Introduction: Reading Surface Mount Resistor Codes

About: I am work in a high voltage laboratory, the largest laboratory owned by a university. I am in love with electricity. I have been fortunate enough to work with a variety of green technology including fuel cells…

Unlike Through hole resisors which use colored bands to determine the value, surface mount resistor have numbers and sometimes letters. I will teach you how to take those letters and digits and determine the value.

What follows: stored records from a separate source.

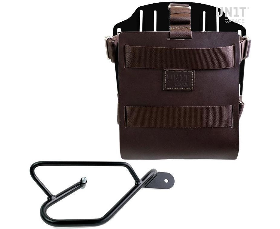 Unit Garage Carrying system in aluminum with adjustable leather front, Quick Release System and frame (2016 until now), Brown/Black | U085+U000+2250DX-Brown-Black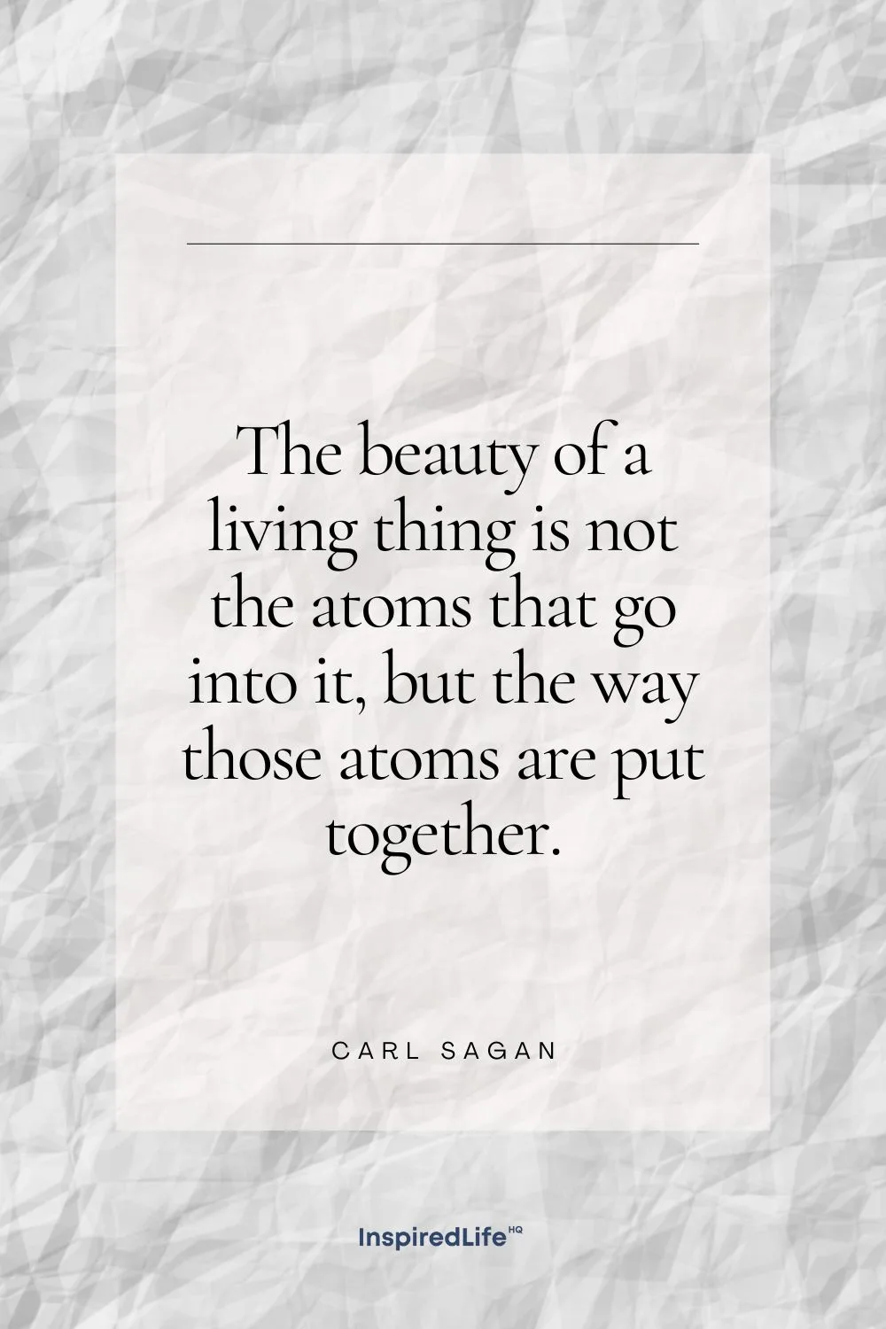15. “The beauty of a living thing is not the atoms that go into it, but the way those atoms are put together.” – Carl Sagan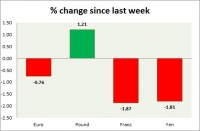 Dollar index trading at 95.42 (+0.14%) Strength meter (today so far) Euro +0.04%, Franc -0.12%, Yen -0.56%, GBP -0.44% Strength meter (since last week) Euro -0.76%, Franc -1.87%, Yen -1.81%, GBP +1.21% EUR/USD...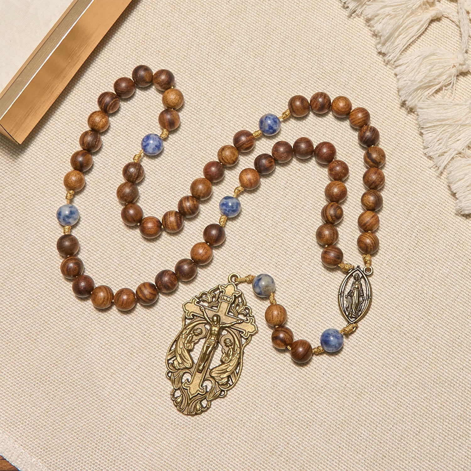 Experience spiritual devotion with this handcrafted rosary featuring olive wood beads and ceramic accents. The Virgin Mary and detailed crucifix centerpiece symbolize faith and divine love. Perfect for prayer, meditation, or as a meaningful gift. Specifications: 8mm brown wooden beads, hemp cord, five-decade design, 19.68”+5.9” length, and 3.53oz weight. Handmade with care and high-quality materials for lasting reverence.
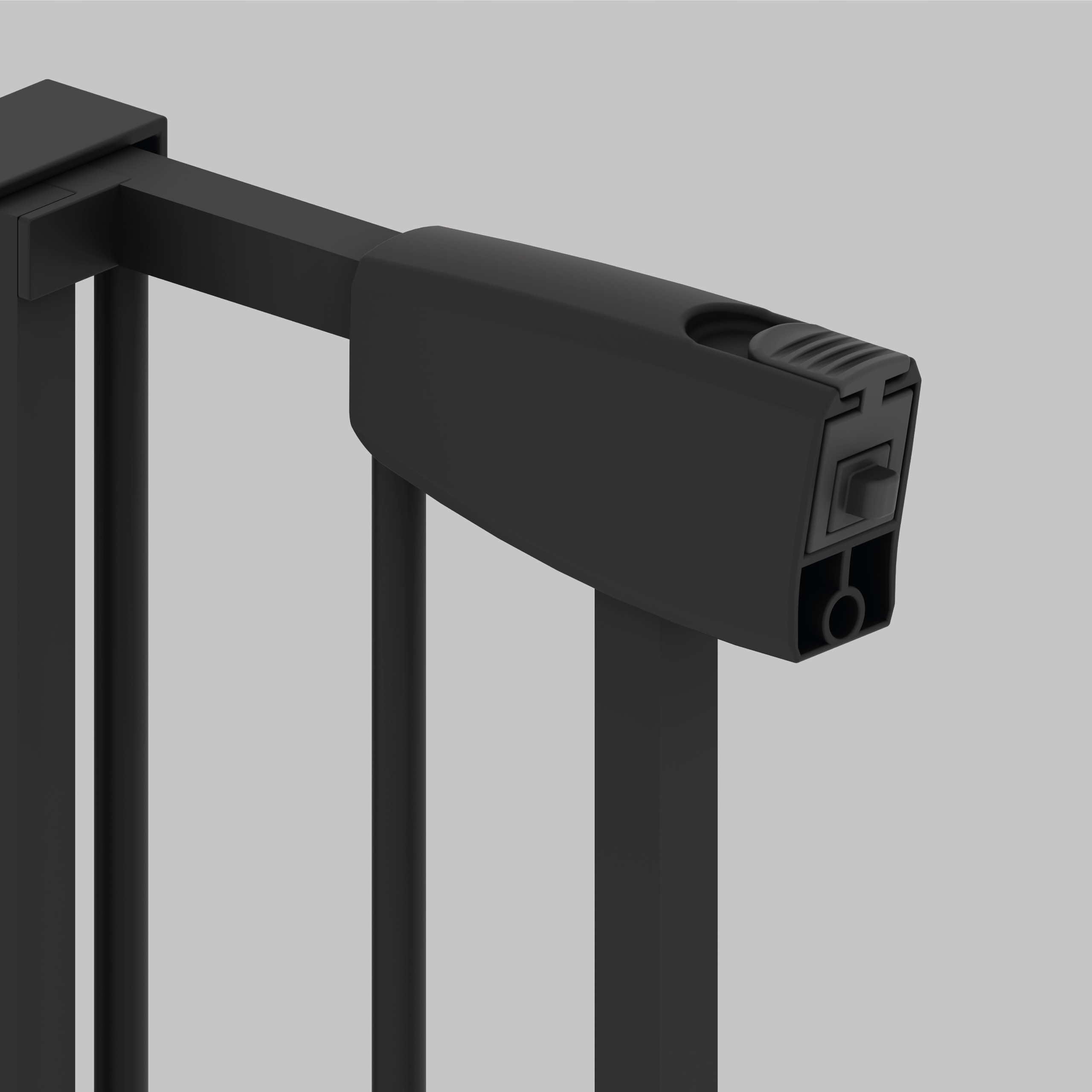- Przycisk w górnej części zamka skutecznie zabezpiecza przed otwarciem barierki przez dziecko.

Looking at the image you see 4 resistors, the first being 391  the seconed 270 and the two at the bottom are the same 30R9. That does not stand for a 391 ohm , 270 ohm, and so on. The formula for breaking the code down is as follows.
1st value-2nd value-multiplier
3              9               1             = 390 ohm resistor
2               7               0            =  27 ohm resistor
2               3               3            =   23000 ohm or 23K ohm resistor

There are some resistors which have 4 digits. The formula is the same with the addition to a digit.
1st value-2nd value-third value-multiplier
2              3                5                 3 =       235K ohm resistor

You may ask"why some have three diigits and some have four?" three digits typically means that the resistor is 5%  tolerance the four digit typically means the resistor is 1% tolerance. If a letter is used to represent tolerance use the chart below.

B=.1%
C=.25%
D=.5%
F=1%
G=2%
J=5%
K=10%
M=20%
Z=80%

Now you will notice that the last two resistor have an "R" in the equation. The way to look at these is very simple. The R represents a decimal. So 30R9 is a 30.9Ohm resistor.
R23= .23 ohm
5R6= 5.6 ohm
45R3= 45.3 ohm


 Of course you can read the values with a meter, but whats the fun in that? I hope you all learned something from this little write up.